| Exercise description |
Output every line below as it stands, dropping only the images.

| Data below |
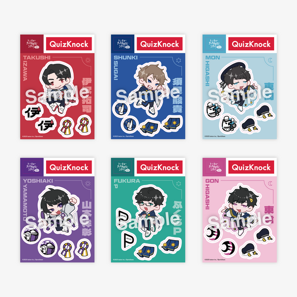 QuizKnockメンバーのA6ステッカーシートがランダムで1枚入っています。
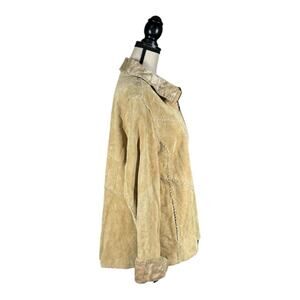 Vintage Massini Suede Leather Jacket With Faux Fur Lining And Trim in a size XL. Has a full front zip front. Exposed whip stitching. Two front pockets. Faux fur cuffs, collar, and lining. Shell genuine leather. Lining 100% acrylic. Measures approximately 22” armpit to armpit, and 27” in length. In gray condition.
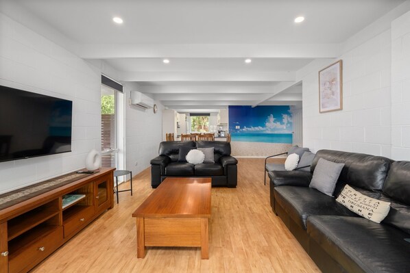 The property has a large smart TV with Wi-Fi, large split heating and cooling unit, a large dining table and modern kitchen with dishwasher.

| Response below |
 QuizKnockメンバーのA6ステッカーシートがランダムで1枚入っています。
 Vintage Massini Suede Leather Jacket With Faux Fur Lining And Trim in a size XL. Has a full front zip front. Exposed whip stitching. Two front pockets. Faux fur cuffs, collar, and lining. Shell genuine leather. Lining 100% acrylic. Measures approximately 22” armpit to armpit, and 27” in length. In gray condition.
 The property has a large smart TV with Wi-Fi, large split heating and cooling unit, a large dining table and modern kitchen with dishwasher.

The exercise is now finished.